* [Try it]
Starting at the first line of the entries below, restate each line exactly until you reach the line with "I ran it with", and print that one too. Leave the pictures out and stop there.

* [Data in this exercise]

================

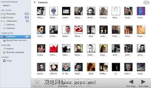上的菜单左侧允许您访问Flickr的各种功能-您的照片集,组,收藏,收藏夹和画廊。您可以通过双击打开每个视图(它们会在新窗口中打开),但是您无法打开您的收藏集(此功能仅对Flickr Pro用户可用)。该菜单还使您可以访问联系人列表和联系人的最新照片。
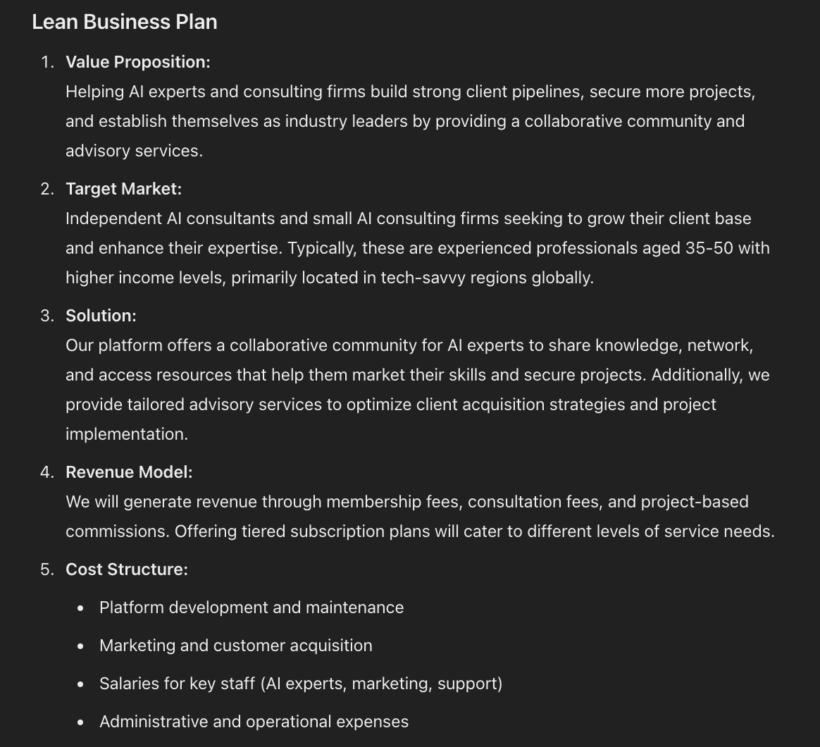 I ran it with the AI Experts Consultancy Community and got the following lean business plan. Here’s the first half of the output:
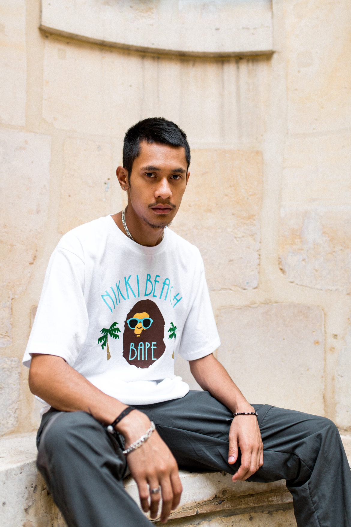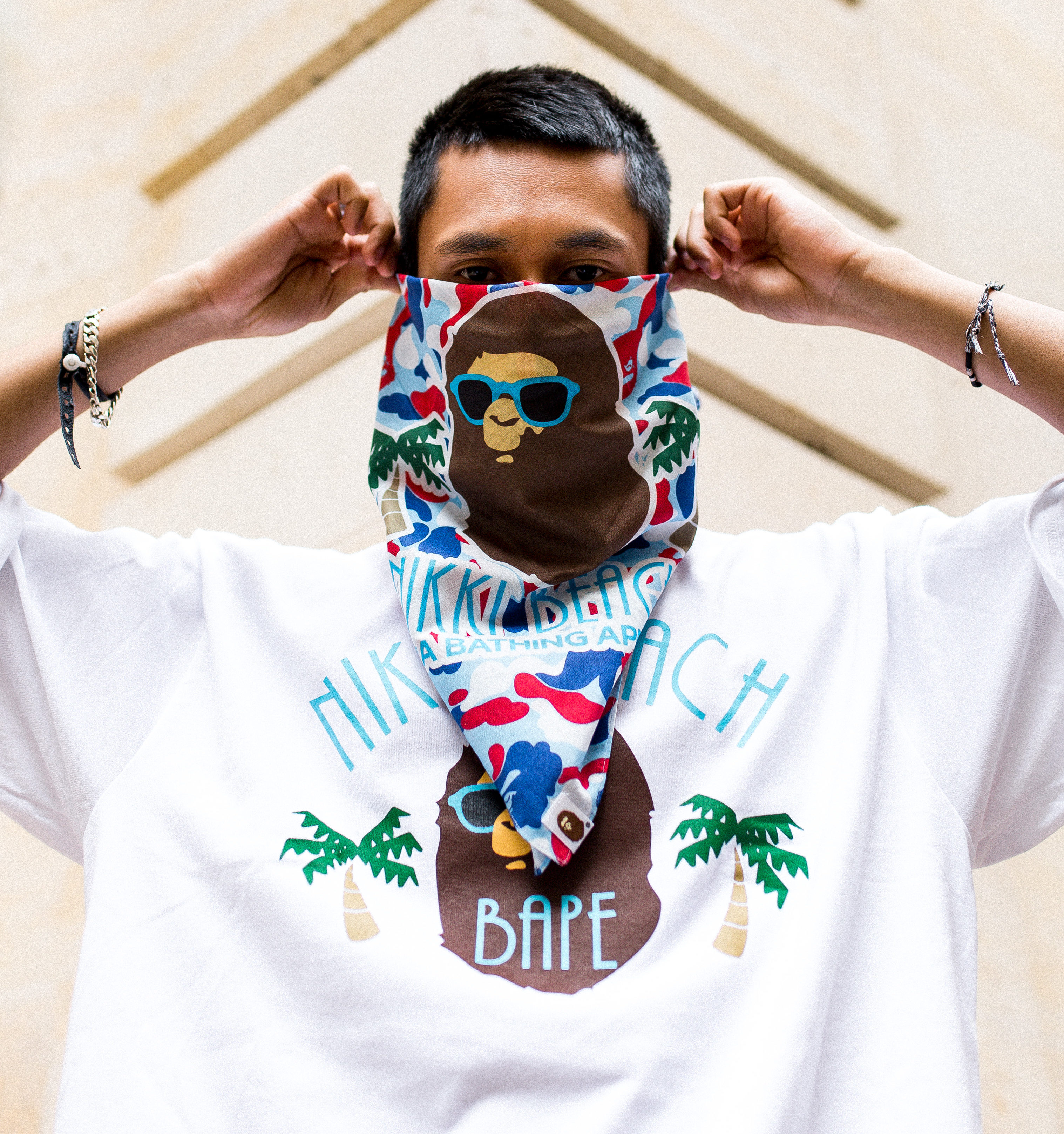 Ils ont également reçu ces deux tee-shirts Bape. Le premier est un tee en collaboration avec le Nikki Beach, qui est sorti exclusivement lors du pop-up Bape au Nikki Beach à Saint Tropez en juillet 2019. Vous pouvez le retrouver au prix de 300 € en boutique. Le second tee-shirt est un ABC Ape Face Tee issu de la collection SS2018. Il est disponible à la fois en boutique et sur leur site internet pour 180 €.
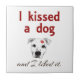 Dog lovers stand up and show the world that you kiss dogs and you like it. The design on this square tile is text punctuated with an image of my own sweet rescue dog. Yes, I kiss him a lot and yes, I like it. If you share my sentiment, have fun with this item. Design is available on a variety of products. Feel free to change the background color. Enjoy!
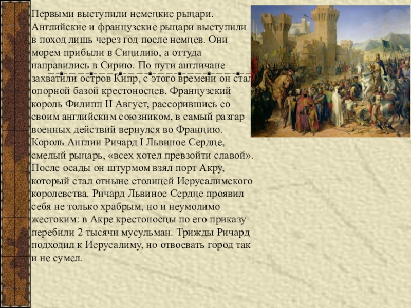 лишь через год после немцев. Они морем прибыли в Сицилию, а оттуда направились в Сирию. По пути англичане захватили остров Кипр, с этого времени он стал опорной базой крестоносцев. Французский король Филипп II Август, рассорившись со своим английским союзником, в самый разгар военных действий вернулся во Францию. Король Англии Ричард I Львиное Сердце, смелый рыцарь, «всех хотел превзойти славой». После осады он штурмом взял порт Акру, который стал отныне столицей Иерусалимского королевства. Ричард Львиное Сердце проявил себя не только храбрым, но и неумолимо жестоким: в Акре крестоносцы по его приказу перебили 2 тысячи мусульман. Трижды Ричард подходил к Иерусалиму, но отвоевать город так и не сумел.
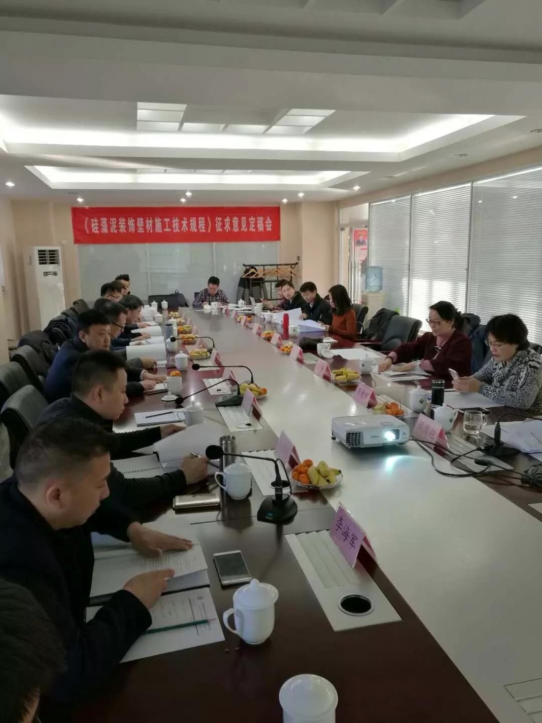 2018年1月9日,由中國建筑材料聯合會生態環境建材分會提出,中裝協涂料分會共同申請立項,各硅藻泥企業共同參與的《硅藻泥裝飾壁材施工技術規程》標準征求意見定稿會于北京朝陽區管莊東里1號中國建材研究總院綠建樓一層會議室圓滿舉行。
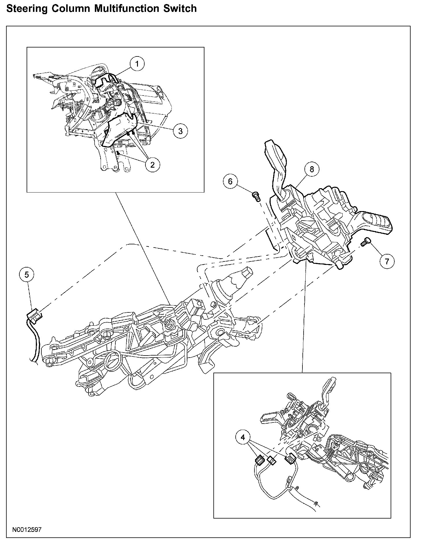 2. Remove the instrument cluster finish panel and the steering column upper shroud as an assembly.
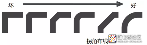 - 如果將拐角布線彎成直角,轉角處的阻抗就會發生變化

================

* [Response area]
上的菜单左侧允许您访问Flickr的各种功能-您的照片集,组,收藏,收藏夹和画廊。您可以通过双击打开每个视图(它们会在新窗口中打开),但是您无法打开您的收藏集(此功能仅对Flickr Pro用户可用)。该菜单还使您可以访问联系人列表和联系人的最新照片。
 I ran it with the AI Experts Consultancy Community and got the following lean business plan. Here’s the first half of the output:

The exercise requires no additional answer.